CNN’s Weird Attempt At Viral Marketing: Adult Swim?!?
As a white male, aged 18 to 35, I watch Adult Swim on the Cartoon Network. For the past week or so, my obligatory Judge/McFarlane quotient has been interrupted with ads like this, about Zap News App. (Sorry, embedding is turned off.)
For those too busy or important to click the link, the ad purports to be from two guys (pictured here) from Muncie, Indiana, whose iPhone app idea, Zap News, was stolen by CNN. These ads don’t show any features of their or CNN’s app but then, why should they? Everyone knows what news apps do; i.e., nothing special. Elsewhere on the web, the wronged duo demand that CNN “remove the app from the iTunes App Store and issue a public apology to us, then give us $100,000 and massages. And call our parents and tell them the truth.”
Right about now, you should be thinking to yourself, “Well, this is obviously a viral marketing campaign. The gentleman writing this column, in addition to reinforcing various stereotypes, must be some sort of dimwit.” You are correct to think that, at least the first sentence – that was my reaction, too. The question, though, becomes: viral marketing for what?
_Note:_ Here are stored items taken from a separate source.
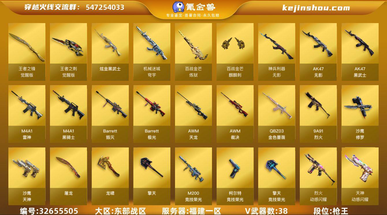 福建一区-44V-2王者武器数-1炫金武器数 【热门武器】:QBZ03-金色蔷薇,M200-竞技荣光,M4A1-黑骑士*2,沙鹰-修罗 【王者炫金武器】:炫金武士 【音效卡】:M4A1-雷神音效卡,M4A1-黑骑士音效卡,Barrett-碧霄极光音效卡,麒麟刺-百战金芒-盛典舞曲音效卡,炼狱-百战金芒-庆典舞曲音效卡 【皮肤】:AWM-裁决-凤灵皮肤,雷神-暗月,雷神-耀金皮肤*2,雷神-宇航兔皮肤*2,M4A1-再燃火线,雷神-神秘按键 皮肤,火麒麟-雷神*2,毁灭-虹光风暴 皮肤,毁灭-英雄计划 皮肤,M4A1-千变-孔明皮肤,黑骑士-暗月,极光-能量核心,极光-高能霹雳 皮肤,修罗-星空,屠龙-春桃 皮肤,轻型军用手斧-再燃火线 【角色】:零,电竞教官-云悠悠,零·纪元,王者春,乔伊教练,葵-阿尔法武装,幻面灵狐,暗夜-X,初恋灵狐,芳心审判者,风暴女*2,虎妞,嘉年华灵狐,娟娟,龙儿,龙儿-小淘气,麻雀,潘多拉-甜心教官,青霞仙子,蜀雪,铁骑荣耀,兔囡囡,潘多拉-N 【人偶武器】:迷你钢铁终结者,迷你地狱终结者,AWM-灵狐-15周年嘉年华*2,M37-葵,迷你深渊冰龙,迷你波特博士,夺魂,迷你火种*2,生化手雷-机甲核心,深渊终结者手雷 【挑战大师】:冰龙粉碎者-白马银枪,激光毁灭者III-白马银枪,...
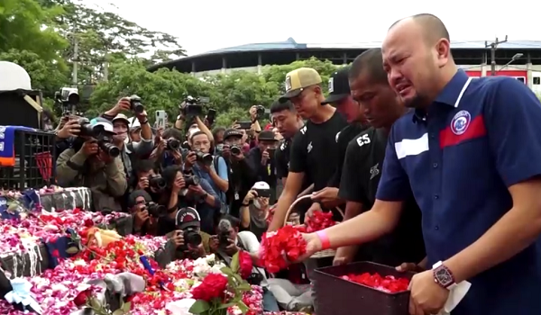 (Pengurus Arema FC, Ali Fikri (kanan) kelihatan menangis semasa menaburkan bunga
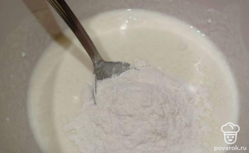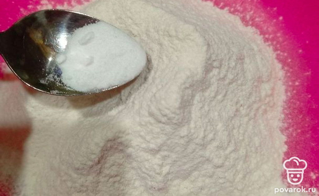 Смешайте все сухие ингредиенты: муку, соль соду.
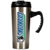 A silver travel mug with a black handle and a black lid, featuring a logo of a black bear with the words 'Timberwolves' and 'Minnesota' in green and white, respectively. | Minnesota Timberwolves 16oz Stainless Steel Travel Mug | 34b50c3f1e8ce933e88cb1ae1f785da657ffcd10a876ff3ec5dcfaa0fcbcabc9 | 001229742732 | 0 | 0 | 30 | 7 | 0 | 0 | |
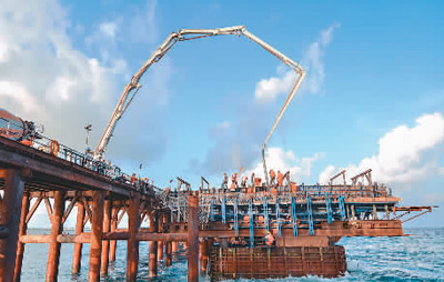 7月6日,隨著主橋23號(hào)墩承臺(tái)最后一車混凝土的澆筑,中國援馬爾代夫中馬友誼大橋5個(gè)主橋承臺(tái)全部施工完成,標(biāo)志著占全橋施工總量約70%的主橋部分從此徹底擺脫印度洋的強(qiáng)涌浪襲擾,進(jìn)入上部結(jié)構(gòu)施工階段。
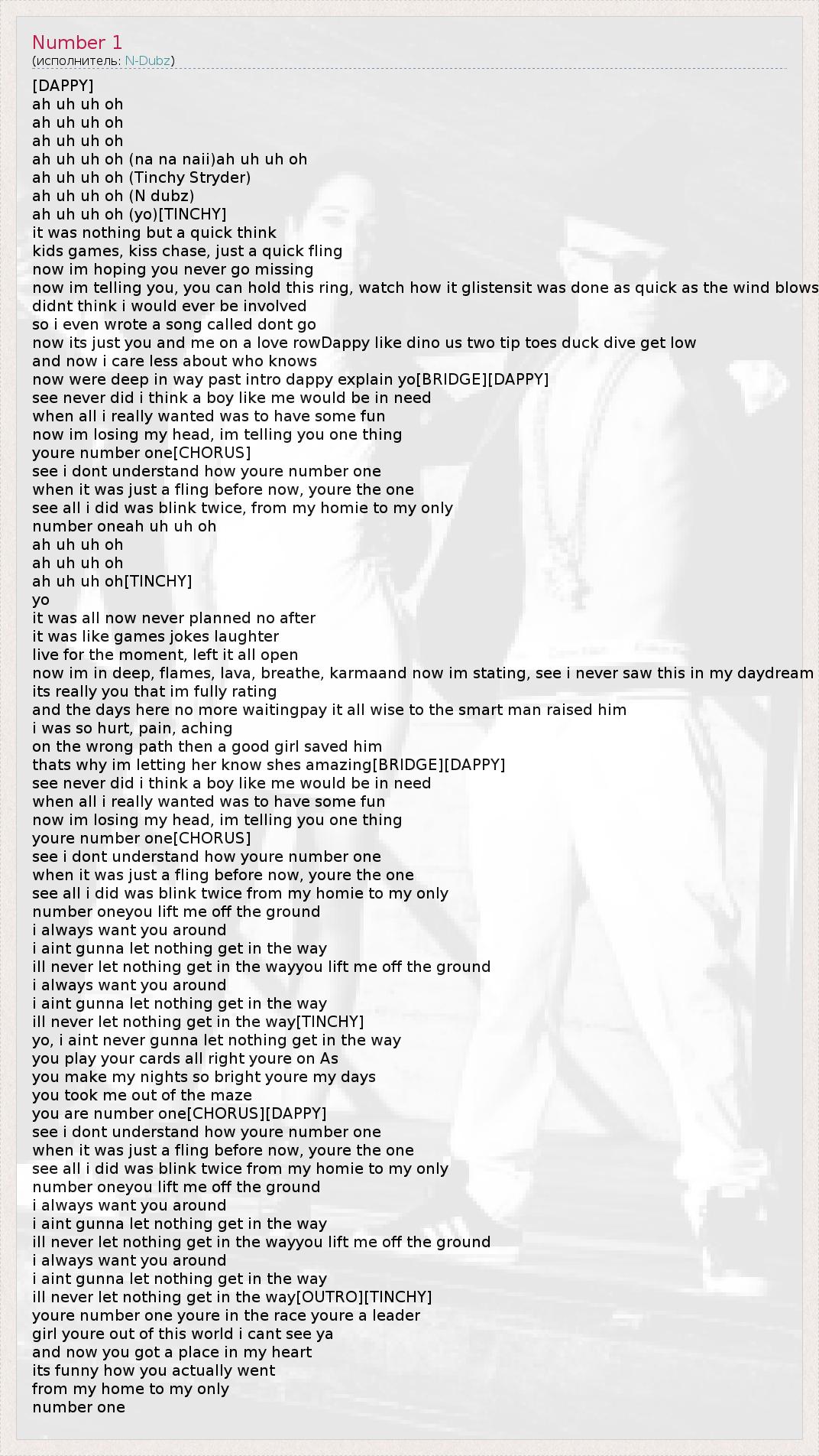 [DAPPY] ah uh uh oh ah uh uh oh ah uh uh oh ah uh uh oh (na na naii)ah uh uh oh ah uh uh oh (Tinchy Stryder) ah uh uh oh (N dubz) ah uh uh oh (yo)[TINCHY] it was nothing but a quick think kids games, kiss chase, just a quick fling now im hoping you never go missing now im telling you, you can hold this ring, watch how it glistensit was done as quick as the wind blows didnt think i would ever be involved so i even wrote a song called dont go now its just you and me on a love rowDappy like dino us two tip toes duck dive get low and now i care less about who knows now were deep in way past intro dappy explain yo[BRIDGE][DAPPY] see never did i think a boy like me would be in need when all i really wanted was to have some fun now im losing my head, im telling you one thing youre number one[CHORUS] see i dont understand how youre number one when it was just a fling before now, youre the one see all i did was blink twice, from my homie to my only number oneah uh uh oh ah uh uh oh ah uh uh oh ah uh uh oh[TINCHY] yo it was all now never planned no after it was like games jokes laughter live for the moment, left it all open now im in deep, flames, lava, breathe, karmaand now im stating, see i never saw this in my daydream its really you that im fully rating and the days here no more waitingpay it all wise to the smart man raised him i was so hurt, pain, aching on the wrong path then a good girl saved him thats why im letting her know shes amazing[BRIDGE][DAPPY] see never did i think a boy like me would be in need when all i really wanted was to have some fun now im losing my head, im telling you one thing youre number one[CHORUS] see i dont understand how youre number one when it was just a fling before now, youre the one see all i did was blink twice from my homie to my only number oneyou lift me off the ground i always want you around i aint gunna let nothing get in the way ill never let nothing get in the wayyou lift me off the ground i always want you around i aint gunna let nothing get in the way ill never let nothing get in the way[TINCHY] yo, i aint never gunna let nothing get in the way you play your cards all right youre on As you make my nights so bright youre my days you took me out of the maze you are number one[CHORUS][DAPPY] see i dont understand how youre number one when it was just a fling before now, youre the one see all i did was blink twice from my homie to my only number oneyou lift me off the ground i always want you around i aint gunna let nothing get in the way ill never let nothing get in the wayyou lift me off the ground i always want you around i aint gunna let nothing get in the way ill never let nothing get in the way[OUTRO][TINCHY] youre number one youre in the race youre a leader girl youre out of this world i cant see ya and now you got a place in my heart its funny how you actually went from my home to my only number one
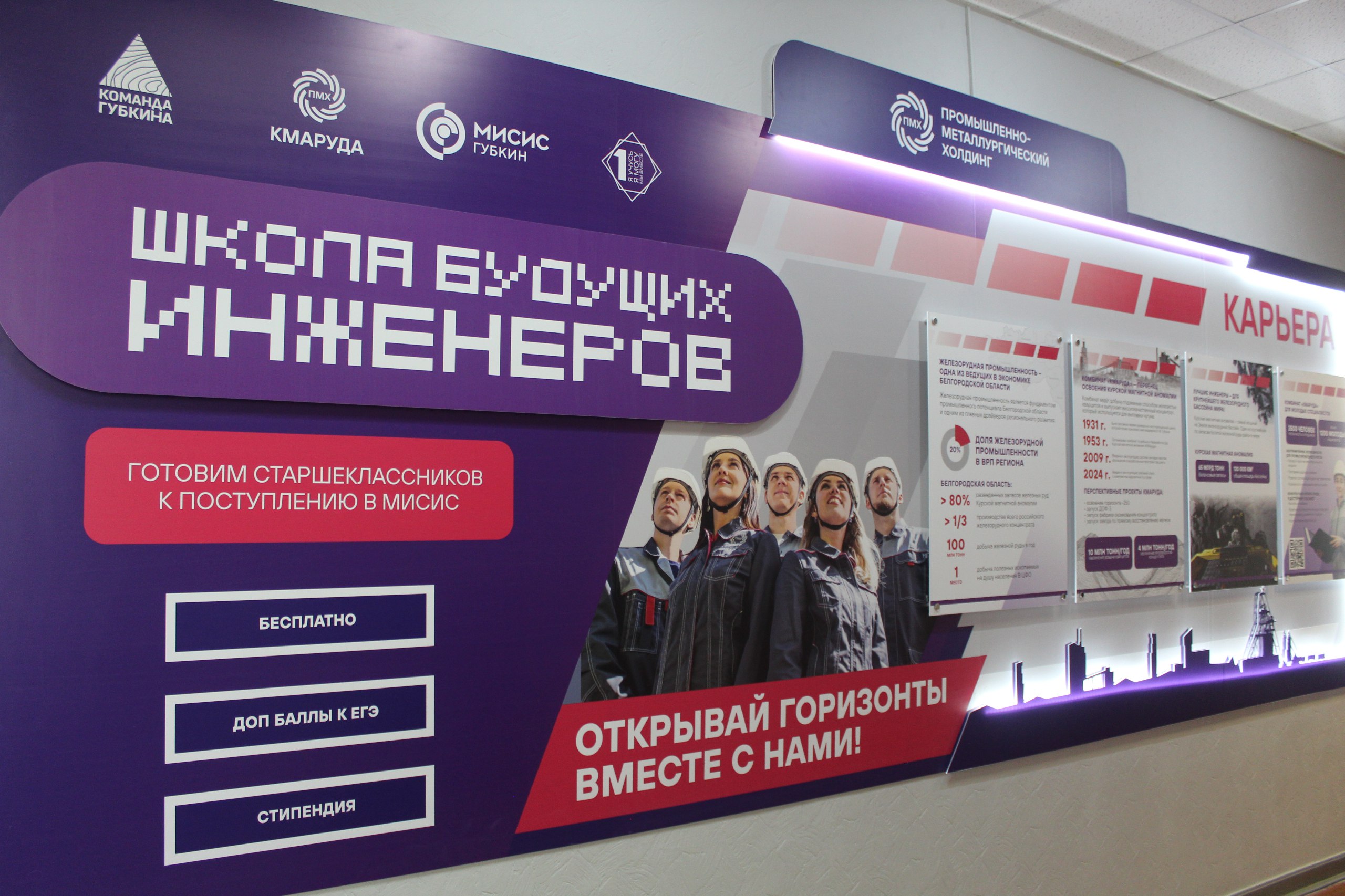 Данный проект – результат плодотворного сотрудничества администрации, школы № 1, Губкинского филиала НИТУ «МИСИС» и АО «Комбинат КМАруда». Первые 25 учеников 10-х классов из семи школ округа уже приступили к занятиям. Их ждёт серьёзная, но очень увлекательная двухгодичная программа. Помимо усиленной подготовки к ЕГЭ по математике, физике, информатике и химии, ребята будут изучать специальные дисциплины: инженерную графику, 3D-моделирование, геологию и горное дело. Самое главное – дети получат чёткую и надёжную перспективу. Выпускники Школы смогут продолжить обучение в НИТУ «МИСИС» по целевым договорам, пройти производственную практику на комбинате КМАруда и получить гарантированное трудоустройство по востребованной инженерной специальности, а значит не уезжая из родного города построить успешную карьеру.

The obvious answer is: CNN’s iPhone app. But we’re talking about Adult Swim – not a program known for appealing to the more mature instincts of its viewers. If you Google the show, for example, one of the featured links that comes up is for their online game Zombie Hooker Nightmare, in which a zombie-fighting hooker has to escort tricks to her trailer. At 1:30 in the morning, they show a cartoon called Assy McGee, which is literally an ass and legs that fights crime. A Venn diagram showing the overlap of Adult Swim fans with those who’d want to buy CNN’s news app would look like a pair of spectacles.
An employee from Mekanism confirmed that the spot was created for their client, CNN, but, at this point, hasn’t been any more forthcoming.
We have to ask, then: could the Zap News App be legit? After all, Adult Swim’s ad space can’t be terribly expensive – for a few months earlier this year, they looped an ad for an album of gospel and hymns by Ronnie Milsap. (The fan-base Venn diagram for that one would resemble a scale model of the Earth’s relationship to Pluto.) I decided to investigate.
Searching for Zap News App turns up a number of blog-style stories on sketchy tech sites – as well as a number of sites that caused my browser to sputter that I was putting myself at risk for viruses. Those sites I declined to visit. I decided then to try to find Zap.
There’s no Zap News App on the Apple iPhone Store (though some enterprising person ought to put one up there). The domain in the ads, ZapNewsApp.com, leads only to a YouTube page with various comments – some people state that it’s a viral campaign, some request more attractive spokespeople, one says “DOWN WITH CNN” with no fewer than nine exclamation points. The YouTube page has a link to a Facebook Fan page, but both of these sites were basically dead ends.
I next checked the domain registration for ZapNewsApp.com which turned up a person’s name and an address. In San Francisco. While SF is basically California’s Muncie, it ain’t Muncie.
Digging deeper still, I found an email address that turned out to be legit – and associated with a the viral marketing firm Mekanism. An employee from Mekanism confirmed that the spot was created for their client, CNN, but, at this point, hasn’t been any more forthcoming.
As best I can figure, CNN paid a marketing firm to run ads on its sister channel, Cartoon Network, that pretend some Hoosier shlubs had their lame news app stolen and turned into another lame news app. This strategy, the wizards at CNN figured, would arouse such a passion against, um, CNN, that people who stay up until one in the morning watching white trash cephalopods would run to the App Store and lay out two dollars.
As you can see, there’s a step I’m not understanding. Or, hopefully, that they’re not. It’s also very possible that this is Phase 1 of a campaign that has more to come. Stay tuned. To, it seems, Adult Swim.
Thus ends The Case of the Curious Advertisement. It has been my pleasure to be the idiot who takes the bait, thereby saving all of you from walking around with hooks in your cheeks. Now, if you’ll excuse me, Family Guy is starting, and it’s one I’ve only seen five times before.
This is an opinion piece. The views expressed in this article are those of just the author.